Dating site for married people uses Matt Hancock picture for advert
‘For an affair behind closed doors’: Married dating site Illicit Encounters uses Matt Hancock’s image on billboard advertising extramarital affairs
- Hancock resigned from his high-powered job after video of aide kiss emerged
- The video showed him straying from his loyal wife of 15 years with a colleague
- Now his laughing face has been used to advertise a dating website for cheaters
Shamed former Health Secretary Matt Hancock has become ‘the face’ of a dating site for married people straying from their partners.
The unlikely lothario – who quit his role after being caught on camera kissing his aide – features on a billboard branded for Illicit Encounters.
Its poster was spotted in south London and teased how he had been caught out cheating on his wife.
The slogan on the advertisement simply read ‘For an affair behind closed doors’.
It is thought Hancock is not a willing participant of the advert.
The company describes itself as the UK’s leading dating website for married people and the leading authority on infidelity. It claims to have over a million UK users.
A spokeswoman for Illicit Encounters told MailOnline: ‘It’s clear that “behind closed doors” doesn’t mean much in Whitehall but it does at Illicit Encounters.
The sign was seen in south London and put online by a marketing expert who spotted it
Mr Hancock said sorry for breaking social distancing and asked for ‘privacy’ for his family, but refused to resign as Health Secretary
‘This is the most talked about story in politics since that other chap with floppy blonde hair was accused of cheating, so we thought we’d use it as an opportunity to highlight the benefits of our service.

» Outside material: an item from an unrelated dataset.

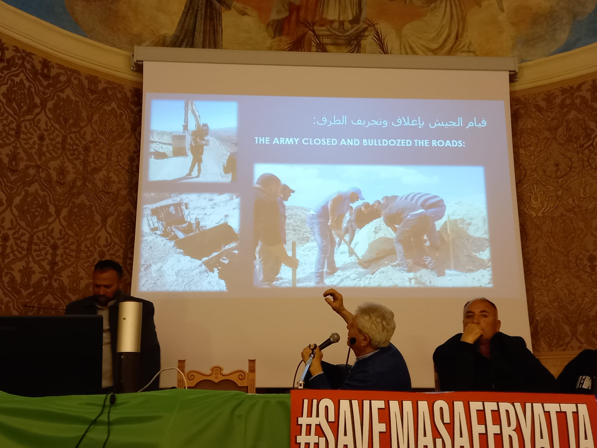 Con l’aiuto di un power-point sono state mostrate foto esaurientemente esemplificative dei soprusi ai quali i palestinesi vengono sottoposti e un video in cui due bulldozer israeliani distruggono una scuola costruita con i fondi UE.

‘Forget taped over CCTV cameras. We take the anonymity of our members very seriously to provide a meeting place for like-minded people looking for a little romance outside of their relationship.’
Hancock and his aide Gina Coladangelo are said to be serious about each other, friends claimed as the health secretary quit his job and walked out on his marriage.
He bowed to growing pressure to go on Saturday night, less than 48 hours after pictures emerged of him in a passionate embrace with Ms Coladangelo at the Department of Health.
He told Boris Johnson in his letter of resignation that the Government ‘owe it to people who have sacrificed so much in this pandemic to be honest when we have let them down’.
The former health secretary told his wife, Martha, he would be leaving her on Thursday night – immediately after discovering that his affair with Gina Coladangelo was about to be laid bare.
Gina Coladangelo (pictured with the Health Secretary in September 2019), initially taken on by Mr Hancock as an unpaid adviser on a six-month contract in early 2020, is also leaving her position on the board of the Department of Health
Images and video showed Mr Hancock in an embrace with aide Ms Coladangelo last month inside his private office, sparking intense pressure on him to quit over the breaking of social-distancing rules.
Friends said on Saturday night the pair had been seeing each other for around six weeks, but were a ‘love match’.
In a video announcing his resignation Mr Hancock said: ‘The last thing I would want is for my private life to distract attention from the single-minded focus that is leading us out of this crisis.
‘I want to reiterate my apology for breaking the guidance, and apologise to my family and loved ones for putting them through this. I also need (to) be with my children at this time.’
Ms Coladangelo, initially taken on by Mr Hancock as an unpaid adviser on a six-month contract in early 2020, is reported to also be leaving her DHSC job, but the department had not confirmed this on Saturday night.
Mr Johnson had refused to sack Mr Hancock, with his spokesman saying the PM considered the matter closed after receiving the West Suffolk MP’s apology on Friday.
But by the next day Conservative MPs began to break ranks to call for Mr Hancock to go.
In response to his resignation, the Prime Minister wrote: ‘You should leave office very proud of what you have achieved – not just in tackling the pandemic, but even before Covid-19 struck us.’
Mr Hancock also said in a video posted to Twitter: ‘I’ve been to see the Prime Minister to resign as Secretary of State for Health and Social Care. I understand the enormous sacrifices that everybody in this country has made – that you have made. And those of us who make these rules have got to stick by them and that’s why I’ve got to resign.
‘I want to thank people for their incredible sacrifices and what they’ve done. Everybody working in the NHS, across social care. Everyone involved in the vaccine programme. And frankly everybody in this country who has risen to the challenges that we’ve seen over this past 18 months.
‘I’m very proud of what we’ve done to protect the NHS and the peak, to deliver that vaccine rollout – one of the fastest in the world – and I look forward to supporting the government and the Prime Minister from the backbenches to make sure that we can get out of this pandemic.
‘We’re so close to the end – and then build back better so that this country can fulfil its potential – which is so great – and I will do that with all of my heart.’